__THE TASK__. Reproduce the entries beneath exactly, without their images.

┌─ DATA EXTRACT

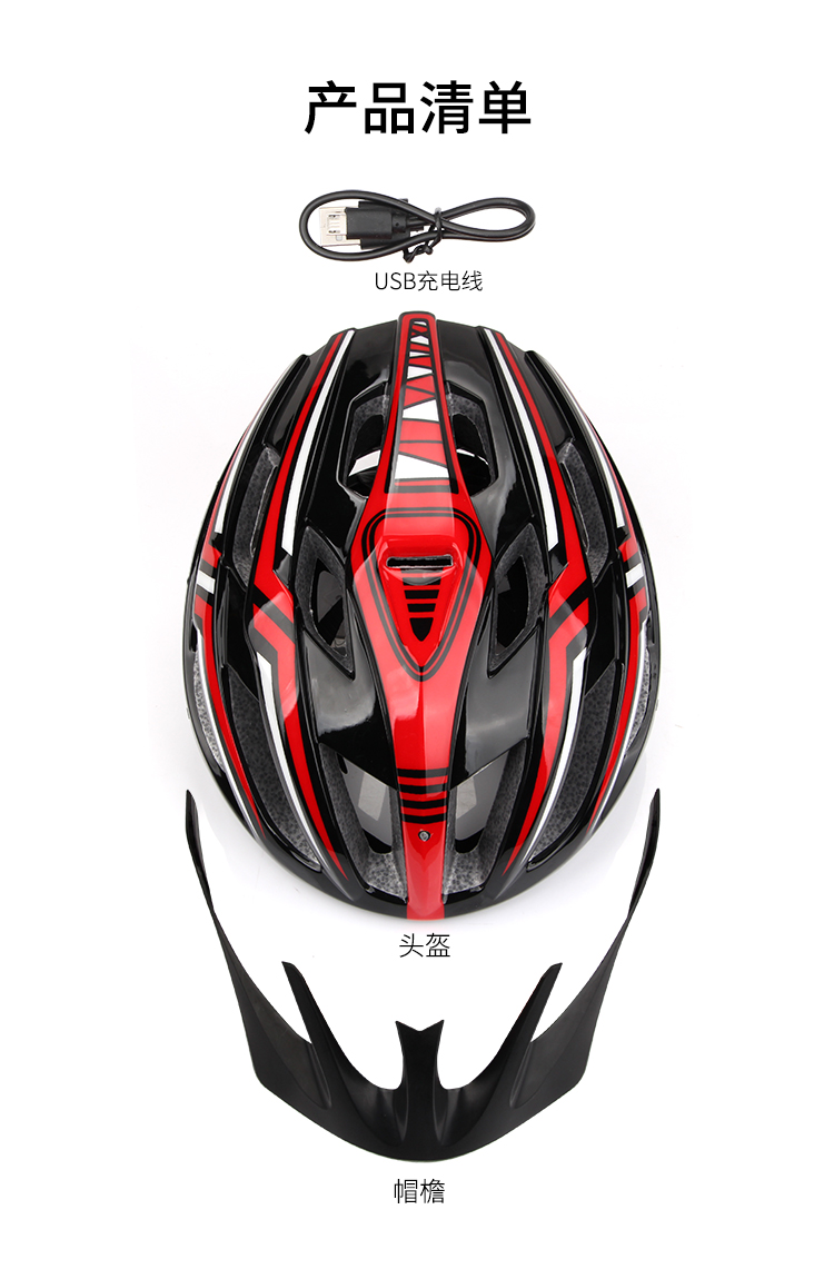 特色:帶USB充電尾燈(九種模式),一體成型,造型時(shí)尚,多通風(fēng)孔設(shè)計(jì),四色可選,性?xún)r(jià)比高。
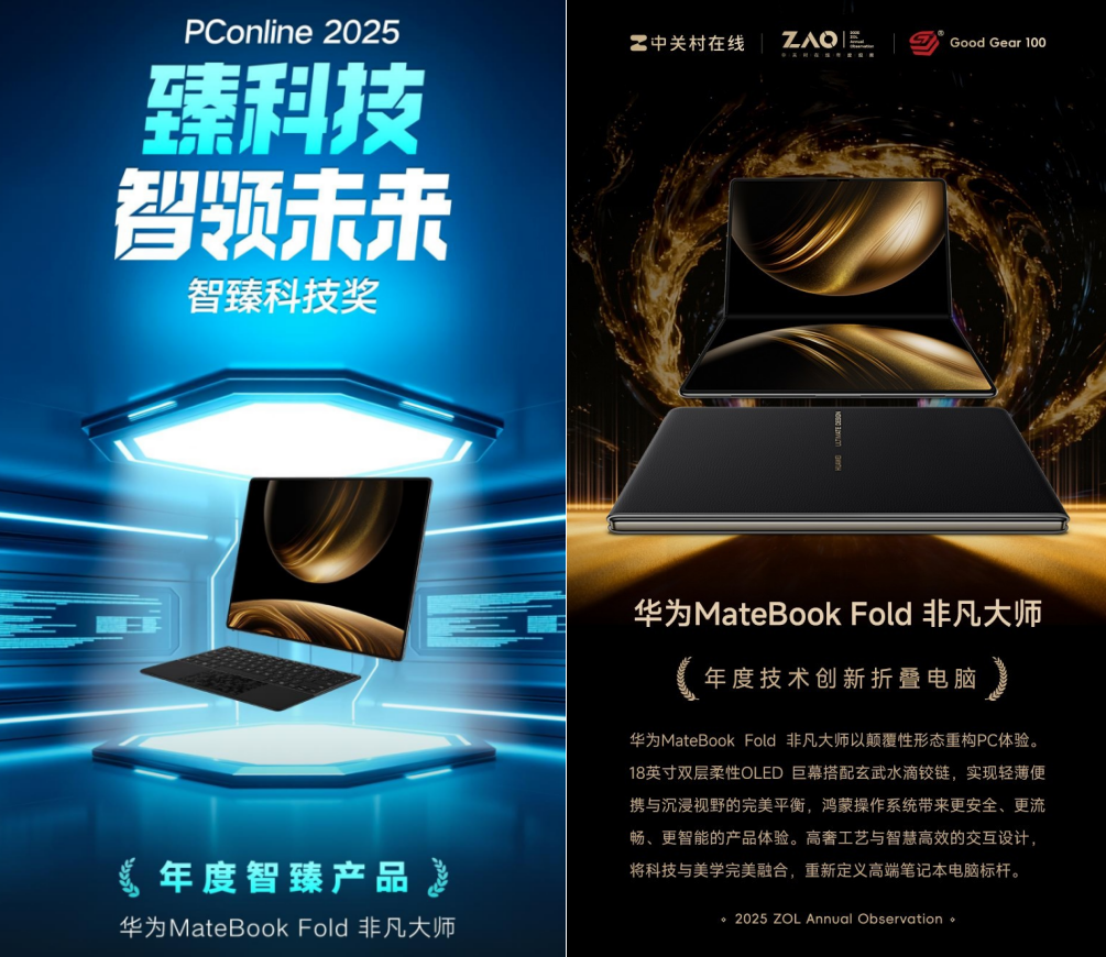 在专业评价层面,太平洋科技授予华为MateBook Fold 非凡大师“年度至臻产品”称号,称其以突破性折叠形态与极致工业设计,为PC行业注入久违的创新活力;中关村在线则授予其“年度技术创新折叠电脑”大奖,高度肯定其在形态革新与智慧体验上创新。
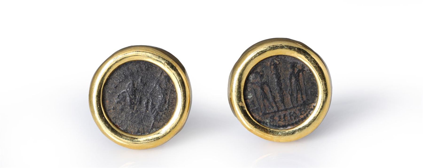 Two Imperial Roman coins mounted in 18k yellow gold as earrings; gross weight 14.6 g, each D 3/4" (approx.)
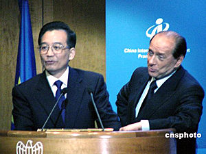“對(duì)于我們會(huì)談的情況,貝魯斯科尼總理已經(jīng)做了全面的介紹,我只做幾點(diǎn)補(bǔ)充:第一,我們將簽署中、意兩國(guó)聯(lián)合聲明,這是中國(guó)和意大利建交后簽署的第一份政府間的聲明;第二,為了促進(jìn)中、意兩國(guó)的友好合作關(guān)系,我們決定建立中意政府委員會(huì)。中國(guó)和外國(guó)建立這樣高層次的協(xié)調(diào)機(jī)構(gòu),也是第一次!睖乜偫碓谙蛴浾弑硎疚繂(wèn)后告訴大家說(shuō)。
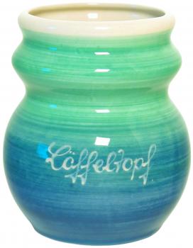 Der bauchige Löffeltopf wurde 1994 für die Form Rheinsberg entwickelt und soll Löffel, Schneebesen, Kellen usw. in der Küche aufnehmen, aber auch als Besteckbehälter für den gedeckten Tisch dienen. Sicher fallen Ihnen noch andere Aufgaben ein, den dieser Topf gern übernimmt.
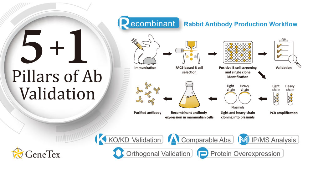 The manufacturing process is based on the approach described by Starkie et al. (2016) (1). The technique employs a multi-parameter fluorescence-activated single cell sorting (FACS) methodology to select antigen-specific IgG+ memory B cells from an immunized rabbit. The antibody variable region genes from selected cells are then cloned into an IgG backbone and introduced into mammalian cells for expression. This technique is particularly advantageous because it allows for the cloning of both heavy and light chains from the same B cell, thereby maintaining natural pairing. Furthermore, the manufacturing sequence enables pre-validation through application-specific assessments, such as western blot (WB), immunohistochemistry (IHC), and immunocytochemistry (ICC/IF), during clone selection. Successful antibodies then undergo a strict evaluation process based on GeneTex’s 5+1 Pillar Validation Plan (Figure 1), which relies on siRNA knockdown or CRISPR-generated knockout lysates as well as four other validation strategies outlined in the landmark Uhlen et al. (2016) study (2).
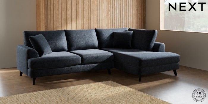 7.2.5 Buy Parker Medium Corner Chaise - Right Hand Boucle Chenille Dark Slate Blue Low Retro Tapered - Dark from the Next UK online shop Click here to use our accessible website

└─

__ANSWER BELOW__.
 特色:帶USB充電尾燈(九種模式),一體成型,造型時(shí)尚,多通風(fēng)孔設(shè)計(jì),四色可選,性?xún)r(jià)比高。
 在专业评价层面,太平洋科技授予华为MateBook Fold 非凡大师“年度至臻产品”称号,称其以突破性折叠形态与极致工业设计,为PC行业注入久违的创新活力;中关村在线则授予其“年度技术创新折叠电脑”大奖,高度肯定其在形态革新与智慧体验上创新。
 Two Imperial Roman coins mounted in 18k yellow gold as earrings; gross weight 14.6 g, each D 3/4" (approx.)
“對(duì)于我們會(huì)談的情況,貝魯斯科尼總理已經(jīng)做了全面的介紹,我只做幾點(diǎn)補(bǔ)充:第一,我們將簽署中、意兩國(guó)聯(lián)合聲明,這是中國(guó)和意大利建交后簽署的第一份政府間的聲明;第二,為了促進(jìn)中、意兩國(guó)的友好合作關(guān)系,我們決定建立中意政府委員會(huì)。中國(guó)和外國(guó)建立這樣高層次的協(xié)調(diào)機(jī)構(gòu),也是第一次!睖乜偫碓谙蛴浾弑硎疚繂(wèn)后告訴大家說(shuō)。
 Der bauchige Löffeltopf wurde 1994 für die Form Rheinsberg entwickelt und soll Löffel, Schneebesen, Kellen usw. in der Küche aufnehmen, aber auch als Besteckbehälter für den gedeckten Tisch dienen. Sicher fallen Ihnen noch andere Aufgaben ein, den dieser Topf gern übernimmt.
 The manufacturing process is based on the approach described by Starkie et al. (2016) (1). The technique employs a multi-parameter fluorescence-activated single cell sorting (FACS) methodology to select antigen-specific IgG+ memory B cells from an immunized rabbit. The antibody variable region genes from selected cells are then cloned into an IgG backbone and introduced into mammalian cells for expression. This technique is particularly advantageous because it allows for the cloning of both heavy and light chains from the same B cell, thereby maintaining natural pairing. Furthermore, the manufacturing sequence enables pre-validation through application-specific assessments, such as western blot (WB), immunohistochemistry (IHC), and immunocytochemistry (ICC/IF), during clone selection. Successful antibodies then undergo a strict evaluation process based on GeneTex’s 5+1 Pillar Validation Plan (Figure 1), which relies on siRNA knockdown or CRISPR-generated knockout lysates as well as four other validation strategies outlined in the landmark Uhlen et al. (2016) study (2).
 7.2.5 Buy Parker Medium Corner Chaise - Right Hand Boucle Chenille Dark Slate Blue Low Retro Tapered - Dark from the Next UK online shop Click here to use our accessible website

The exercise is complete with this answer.